Architecture: The Secret Pipeline

┌──────────────────────────────────────────────────────────────┐
│                          Git Repo                            │
│  (rajsinghtech/kubernetes-manifests)                         │
│                                                              │
│  common-secrets.sops.yaml ─────┐                             │
│  cluster-secrets.sops.yaml ────┤  SOPS-encrypted             │
│  common-settings.yaml ─────────┤  (+ plaintext ConfigMaps)   │
│  cluster-settings.yaml ────────┘                             │
└──────────────────┬───────────────────────────────────────────┘
                   │ Flux GitRepository source
                   ▼
┌──────────────────────────────────────────────────────────────┐
│               Flux Kustomize Controller                      │
│                                                              │
│  1. Decrypts SOPS files using sops-gpg Secret                │
│  2. Creates K8s Secrets in flux-system namespace             │
│  3. Runs postBuild substitution on all child Kustomizations  │
│     → replaces ${VAR_NAME} with decrypted values             │
│  4. Applies rendered manifests to the cluster                │
└──────────────────┬───────────────────────────────────────────┘
                   │
                   ▼
┌──────────────────────────────────────────────────────────────┐
│               Rendered Kubernetes Resources                  │
│                                                              │
│  Secret (with substituted values) ──→ Pod env / volume mount │
│  HelmRelease (with substituted values in .spec.values)       │
│  ConfigMap (with substituted values)                         │
└──────────────────────────────────────────────────────────────┘

Secret Source Files

Cross-Cluster Secrets (shared by all clusters)

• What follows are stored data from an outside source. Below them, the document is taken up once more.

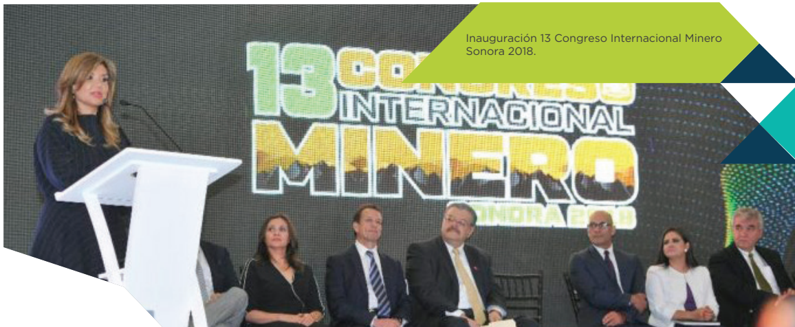
Inauguración 13 Congreso Internacional Minero Sonora 2018.
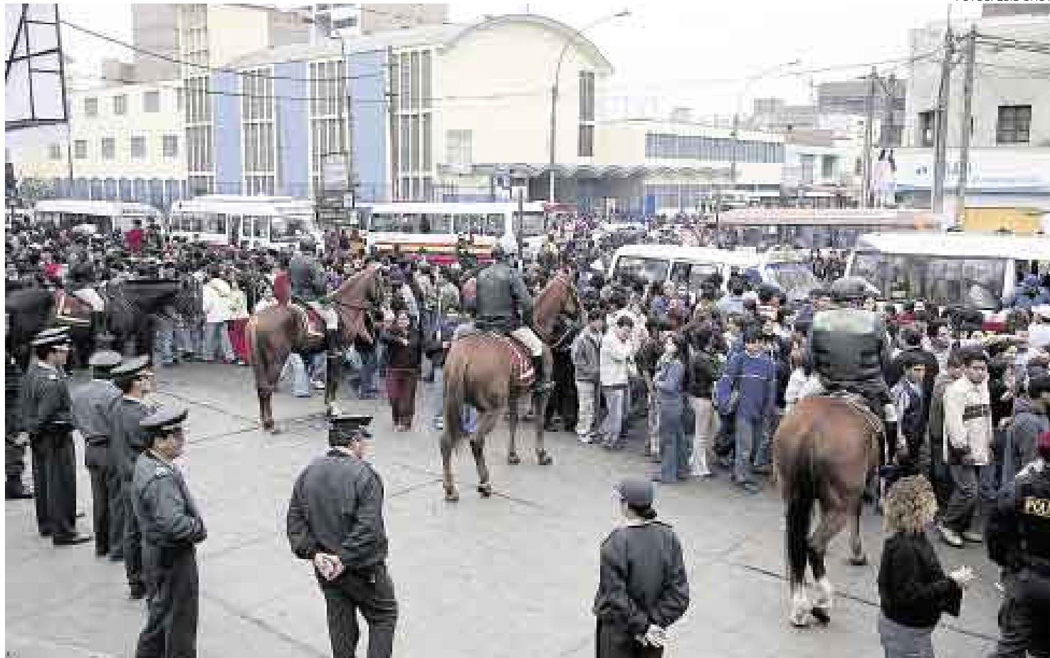
MEDIDA. El emporio de Gamarra quedó cerrado desde las 3:00 a.m. Efectivos policiales, algunos a caballo, tuvieron a su cargo la custodia del lugar.
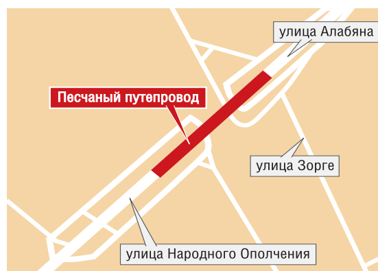
— ограничение движения
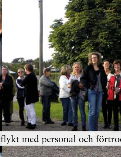
Utflykt med personal och förtro

clusters/common/flux/vars/common-secrets.sops.yaml

Contains: DEFAULT_PASSWORD, CODER_OIDC_*, CLOUDFLARE_*, TAILSCALE_*, GARAGE_*, HF_TOKEN, KUBERNETES_MANIFESTS_GITHUB_TOKEN, OCI_*, COMMON_RESTIC_SECRET, COMMONTLSCRT, COMMONTLSKEY, etc.

Per-Cluster Secrets (unique to each cluster)

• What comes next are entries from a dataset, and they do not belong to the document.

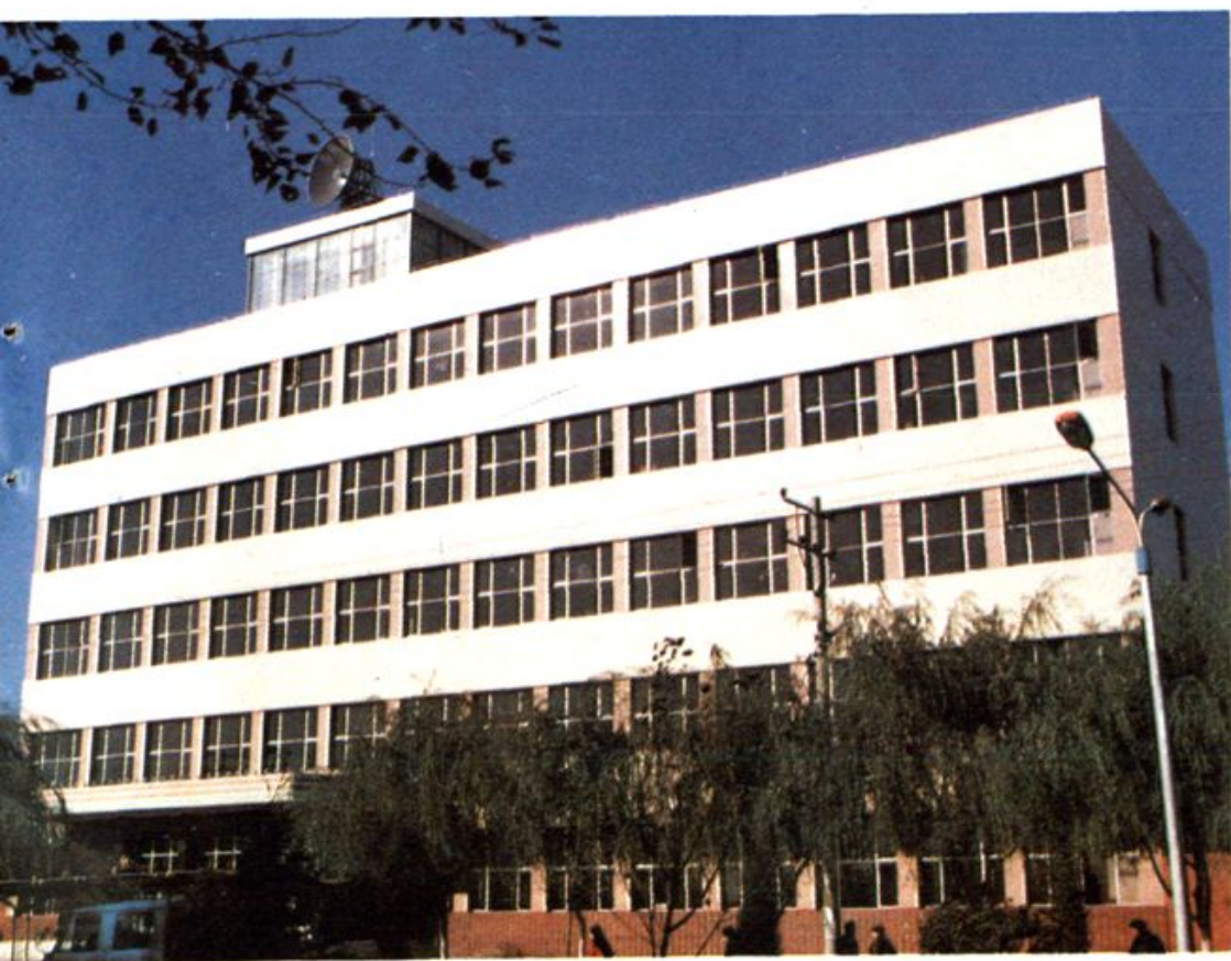
▲ 东方红百货大楼 ▲ 邮电大楼
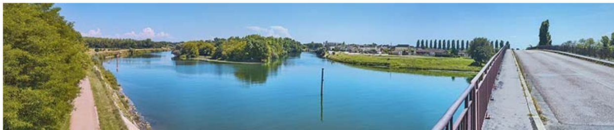
Confluence de la Saône et du Doubs en amont du pont de Bragny.
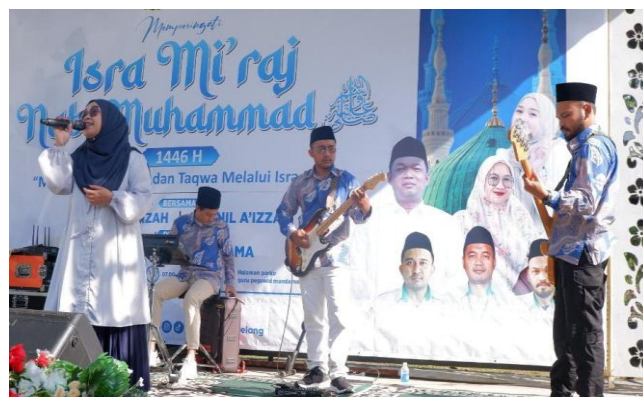
Gambar 5. Penampilan Sultan Mandama Gamelan Kontemporer dalam rangka memperingati Isra Mi'raj di MAN 2 Magelang

Secara harafiah, peranan musik dalam pembelajaran di madrasah tidak hanya sebatas sebagai hiburan saja, akan tetapi dalam aspek pedagogis dan kultur sangat efektif dalam menggali potensi anak, menciptakan rasa percaya diri siswa, pembentukan karakter, media dalam pembelajaran agama dan berperan penting dalam sikap moderasi beragama. Berdasarkan wawancara yang dilakukan pada hari Kamis, 26 Januari 2026 dengan Muhammad Ilyaz, S.Pd. selaku guru Sejarah Kebudayaan Islam di MAN 2 Magelang serta personil dari Sultan

clusters/talos-ottawa/flux/vars/cluster-secrets.sops.yaml
clusters/talos-robbinsdale/flux/vars/cluster-secrets.sops.yaml
clusters/talos-stpetersburg/flux/vars/cluster-secrets.sops.yaml
clusters/gke-uscentral1/flux/vars/cluster-secrets.sops.yaml

Contains: QB_WIREGUARD_*, SMB_*, PLEX_TOKEN, *_API_KEY (per-cluster app keys), DISCORD_WEBHOOK_URL, TS_IDP_*, ARGOCD_OIDC_*, etc.

Plaintext Settings (non-secret config values)

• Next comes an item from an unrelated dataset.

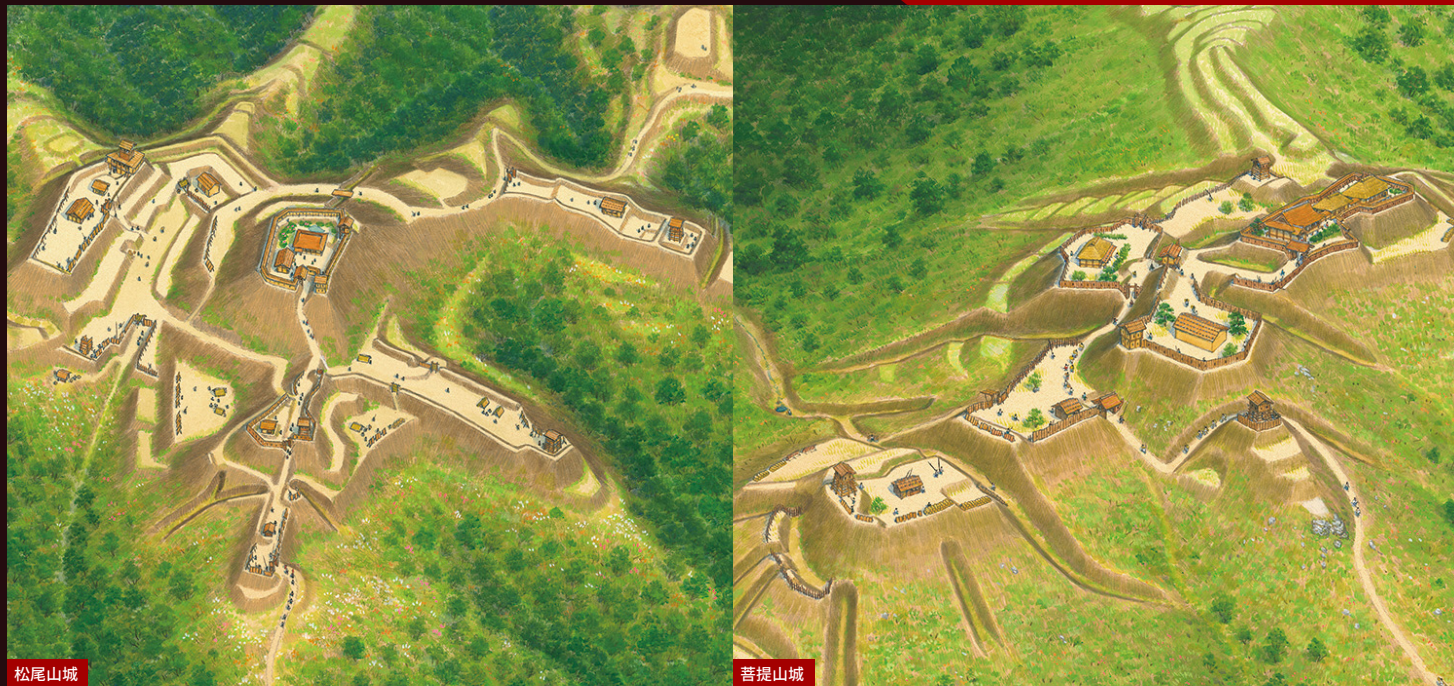
復元イラスト：香川元太郎

clusters/common/flux/vars/common-settings.yaml          → COMMON_DOMAIN
clusters/talos-*/flux/vars/cluster-settings.yaml         → LOCATION, CLUSTER_DOMAIN,
                                                            LAN_GATEWAY_IP, CLUSTER_NAME, etc.

PGP Key

All SOPS files are encrypted with a single PGP key:

Fingerprint: FAC8E7C3A2BC7DEE58A01C5928E1AB8AF0CF07A5

The private key is stored in the sops-gpg Secret in each cluster's flux-system namespace.

Flux Substitution Configuration

The parent Kustomization (e.g., clusters/common/flux/apps.yaml) configures substitution:

spec:
  decryption:
    provider: sops
    secretRef:
      name: sops-gpg          # PGP private key for decryption
  postBuild:
    substituteFrom:
      - kind: ConfigMap
        name: common-settings  # COMMON_DOMAIN, etc.
      - kind: Secret
        name: common-secrets   # Decrypted from common-secrets.sops.yaml
      - kind: ConfigMap
        name: cluster-settings # LOCATION, CLUSTER_DOMAIN, LAN_GATEWAY_IP, etc.
      - kind: Secret
        name: cluster-secrets  # Decrypted from cluster-secrets.sops.yaml
      - kind: ConfigMap
        name: cluster-user-settings
        optional: true
      - kind: Secret
        name: cluster-user-secrets
        optional: true

A patch propagates this same postBuild config to all child Kustomizations (unless they have label substitution.flux.home.arpa/disabled: "true").

Credential Delivery Patterns

Pattern 1: Inline Config Substitution

Used by: unpoller, CDN routes, any HelmRelease with ${VAR} in values

Flux substitutes ${VAR} directly into the HelmRelease .spec.values. The value becomes part of a config file or inline string rendered by Helm.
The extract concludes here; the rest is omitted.